Key Considerations for Model Selection
When choosing from OpenAI’s lineup, keep these factors in mind:
Match Task to Reasoning Depth vs. Latency vs. Multimodal Need
Different models optimize for different priorities. For example, the o‑series prioritizes reasoning depth, GPT‑4o focuses on multimodal capabilities and low latency, while GPT‑4.1 excels with long-form content and code. Aligning your model choice with your specific task requirements will yield the best results.
Budget Considerations
For high-volume applications, the mini variants like GPT‑4o‑mini and GPT‑4.1‑nano can provide substantial cost savings. The price differential becomes particularly significant at scale, so carefully assess your expected usage patterns before committing to a specific model.
Tool Stack Requirements
Only the o‑series models provide direct access to web browsing and Python execution within their chain‑of‑thought processes. If your application requires these capabilities, you’ll need to use one of these models despite their higher costs.
Migration Timeline
Be aware that GPT‑4 is scheduled to sunset on April 30, 2025. If you’re still using this model in your applications, now is the time to migrate to one of the newer options. This sunset deadline means testing alternatives sooner rather than later is essential to ensure a smooth transition.
If you’d like a detailed comparison between GPT‑4.1 and other models, I’ve published hands-on test results comparing GPT‑4.1 against Claude 3.7 Sonnet.
Making Sense of OpenAI’s Naming Strategy
The confusion surrounding OpenAI’s model naming isn’t accidental – it reflects the company’s rapid development pace and somewhat disjointed product strategy. While the technical capabilities continue to advance impressively, the naming and positioning of these models create unnecessary complexity for users.

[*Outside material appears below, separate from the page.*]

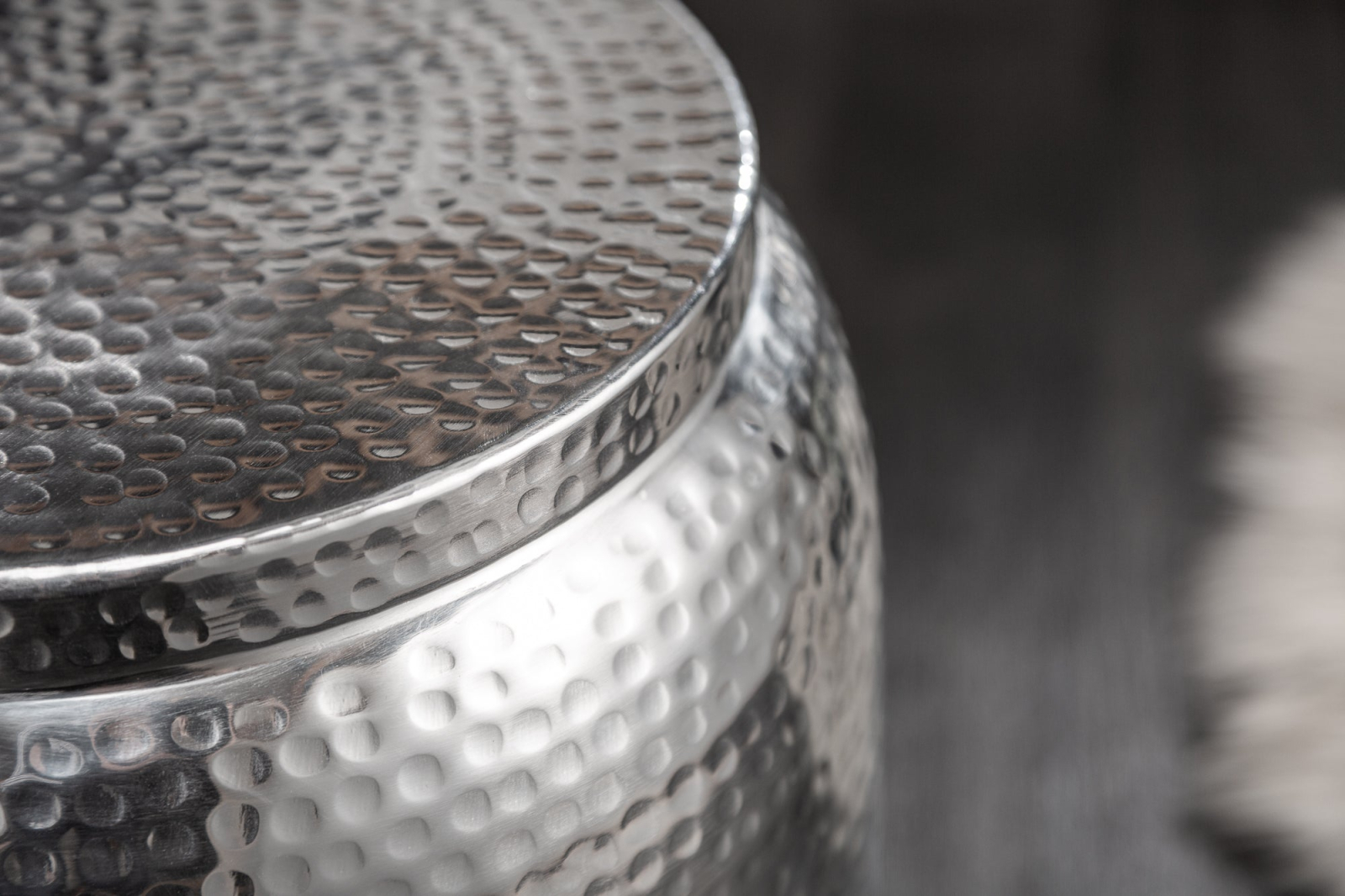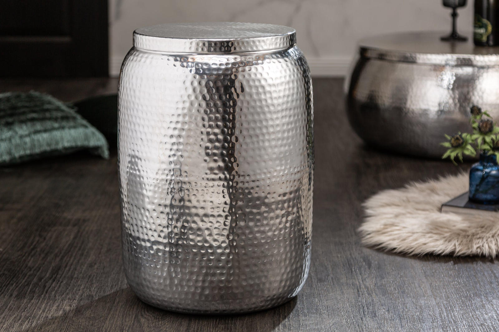 Masă laterală ORGANIC ORIENT 50cm cu efect de lovitură de ciocan argintie

The split between the GPT‑4.1, GPT‑4o, and o‑series families doesn’t always make intuitive sense, and the addition of “mini” and “nano” variants further complicates the decision-making process. This fragmentation can lead to analysis paralysis, where users spend excessive time trying to determine which model best suits their needs.
For a broader perspective on whether OpenAI’s expanding model lineup is actually beneficial, see my thoughts on whether more options are actually better in the AI model space.
Looking Forward
OpenAI’s model lineup will continue to change as new research breakthroughs occur and competitive pressures mount. The current three-family structure may not persist long-term, but understanding the core differences and use cases for each model type will help you navigate future changes.
The migration away from GPT‑4 signals that OpenAI is willing to sunset older models rather than maintain backward compatibility indefinitely. This approach keeps their offerings more current but requires users to actively manage their model dependencies.
As we move forward, expect to see continued specialization in model capabilities, with more task-specific variants likely to emerge. This trend toward specialization means the days of a single “best” model for all applications are effectively over.
Conclusion
OpenAI’s current model lineup might seem confusing at first glance, but breaking it down into the three main families – GPT‑4.1, GPT‑4o, and the o‑series – helps clarify the landscape. Each family serves different needs, from code generation to multimodal tasks to autonomous tool use.
The pricing structure provides clear guidance on budget considerations, with mini and nano variants offering substantial cost savings for many applications. Understanding the competitive landscape also opens up possibilities beyond the OpenAI ecosystem.
By matching your specific task requirements to the appropriate model family and considering factors like budget, tool needs, and migration timelines, you can navigate OpenAI’s complex model ecosystem more effectively. The days of a one-size-fits-all AI model are behind us – embracing the specialized nature of these tools is key to maximizing their value for your specific applications.